Camino del Ebro en Navarra: de Los Arcos a Lodosa a pie (primera etapa hacia el Mediterráneo)

Dos días caminando desde el Camino Francés hasta encontrar el Ebro

Aquí empieza realmente esta aventura.

Después de terminar el Camino Francés, sentimos que el viaje no podía acabar allí. La idea era sencilla y a la vez un poco loca: seguir caminando hasta el Mediterráneo atravesando la península de oeste a este.

Y para hacerlo, había que encontrar el mejor punto donde abandonar definitivamente el Camino de Santiago y empezar a buscar el Ebro.

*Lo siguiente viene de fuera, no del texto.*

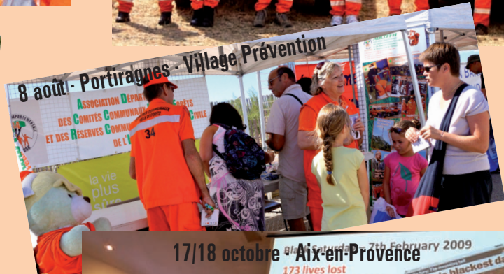
8 août - Portiragnes - Village Prévention
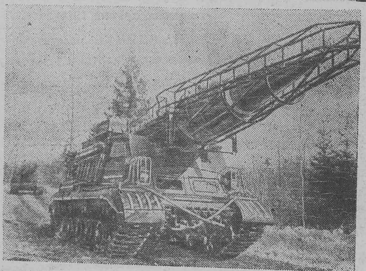
НА СНИМКЕ: ракетные установки на тактических занятиях.

РАЙВОЕНКОМ, ПАРТИЙНАЯ ОРГАНИЗАЦИЯ И КОМИТЕТ СОДЕЙСТВИЯ РАЙВОЕНКОМУ ГОРЯЧО ПОЗДРАВЛЯЮТ ВСЕХ УЧАСТНИКОВ ГРАЖДАНСКОЙ И ВЕЛИКОЙ ОТЕЧЕСТВЕННОЙ ВОЙНЫ, А ТАКЖЕ ВСЕХ БЫВШИХ ВОЕННОСЛУЖАЩИХ СОВЕТСКОЙ АРМИИ И ВОЕННО-МОРСКОГО ФЛОТА С ДНЕМ РОЖДЕНИЯ СОВЕТСКИХ ВООРУЖЕННЫХ СИЛ И ОТ ДУШИ ЖЕЛАЮТ ВСЕМ СЧАСТЬЯ В ЛИЧНОЙ ЖИЗНИ, КРЕПКОГО ЗДОРОВЬЯ, УСПЕХОВ В РАБОТЕ НА БЛАГО НАШЕЙ СОЦИАЛИСТИЧЕСКОЙ РОДИНЫ.
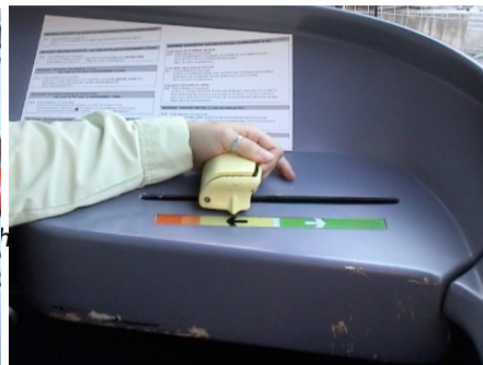
Manipulateur traction/freinage avec la commande de veille sur le Tramway Français Standard du réseau de la RATP.
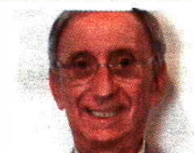
Júlio Isidro Apresentador
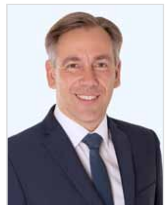
Alexander Tritthart Landrat Erlangen-Höchstadt „Nutzen Sie die Impfangebote vor Ort!“
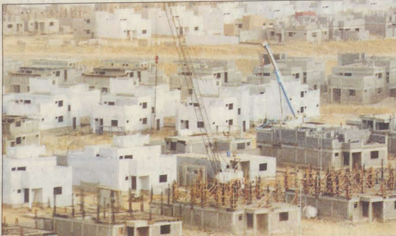
تواصل أعمال البناء

وموقع الزوان الذي بلغته قيمة ١.٠٦٧.٧٥٠ ريالاً وعدد الوحدات السكنية ١٠٦٣، منها ٥٠٠ فيلا سيتم تسليمها بعد ١٢، وموقع الخارش بمبلغ ١.١٩٢.٢٥٠ ريالاً وعدد الوحدات ١٢٤٣، فيلا منها ٥٠٠، فيلا، إلى جانب موقع السهي الذي تبلغ قيمته الإجمالية ٤٧٩.٥٥٠ مليون ريال وعدد الوحدات ٤٤٧، فيلا والمرحلة الأولى التي تسلم بعد ١٢ شهراً تشمل ٣٠٠ فيلا وموقع رمادا والذي تبلغ قيمته ٩٧٥.٢٥٠ مليون ريال وعدد الوحدات به ٩٩٥ فيلا ٥٠٠ فيلا للتسليم. وكانت جميع الشركات المقاوله قد باشرت تنفيذ الأعمال الإنشائية من ردم ورفص الطرق وإسكان العاملين في المواقع المختارة لتنفيذ المشروع وفق نماذج متعددة في التصميم تتفق واحتياجات الأسر المستفيدة مع حرص على توفير المدارس بمختلف مراحلها والمساجد والحدائق العامة وغيرها من الخدمات الأخرى بكل موقع من مواقع تنفيذ المشروع حرصاً على راحة ورفاهية الأولى وتشتمل تنفيذ الوحدات السكنية وواحدة وثلاثين مسجداً وخمسة وثلاثين مدرسة للبنين والبنات، وخمسة مراكز صحية موزعة على المواقع الخمسة، مع
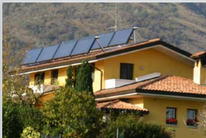
hyGenio R + duoStar
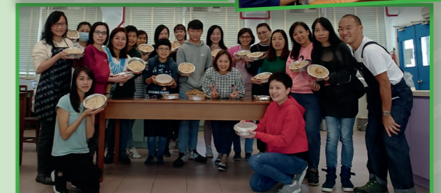
2020年1月18日「家長學堂」舉辦賀年小食製作——芋頭糕班；參與人數：22位家長
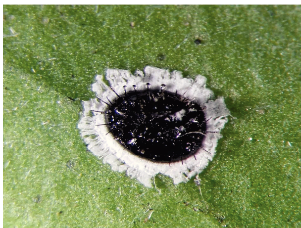
Fig. 3 – Spine filamentose intorno al corpo.
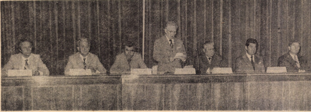
(Continuare din pag. 1)

P.C.R., a Consiliului popular județean, apreciind importanța temelor ce vor fi abordate pe parcursul celor două zile ale sesiunii. A fost subliniată însemnătatea acestei manifestări științifice medicale care se desfășoară în condițiile înfăptuirii cu succes în toate domeniile de activitate a hotărârilor Congresului al XI-lea al partidului, a Programului partidului, de avânt patriotic cu care întregul nostru popor acționează strâns unit în jurul
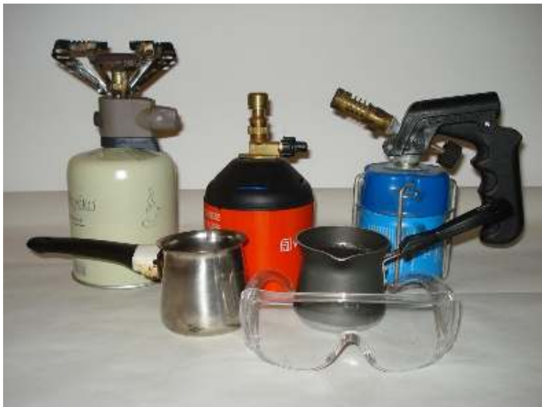
Καμινέτο ασφάλειας - Καμινέτο μονής φλόγας - Καμινέτο φλόγιτρο - Μπρίκια Γυαλιά προστασίας
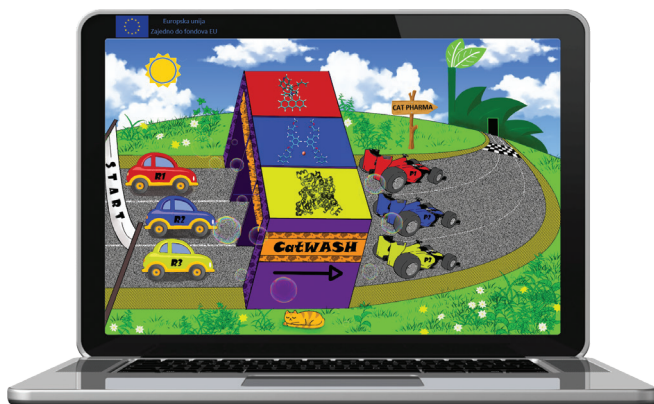
Slika 2 – Karikirani prikaz rada na projektu. Tri automobila, crveni (organokataliza), plavi (kataliza metalnim kompleksima) i žuti (biokataliza) nakon prolaza kroz “CAT wash” od običnih automobila se “transformiraju” u trkaće automobile. Cilj je doći do primjene u gospodarstvu, prikazano kao zelena tvornica.

umskog uparivača (za sigurno uklanjanje otapala u blagim uvjetima) te Vortex miješalice za pripremu uzoraka za kromatografska i druga ispitivanja.
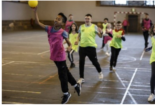
Plusieurs équipes s'affrontaient après les ateliers, lors d'un match.

Ese lugar fue Los Arcos, en Navarra.

Este primer tramo de nuestro Camino del Ebro une Los Arcos con Lodosa en dos etapas y un viaje de tres días, haciendo noche en Mendavia y recorriendo un total de 33 km.

La primera jornada avanza por una Navarra agrícola y luminosa, de colinas suaves, campos abiertos y horizontes infinitos donde el cielo y la tierra parecen mezclarse constantemente.

Poco a poco el camino va buscando el Ebro, que aparece finalmente en Mendavia y se convierte desde ese momento en nuestro gran compañero de viaje rumbo al Mediterráneo.

La segunda etapa ya discurre junto al río, entre huertas y grandes campos de cultivo donde nunca faltan el buen producto ni la sensación de estar caminando por una tierra especialmente agradecida para el viajero.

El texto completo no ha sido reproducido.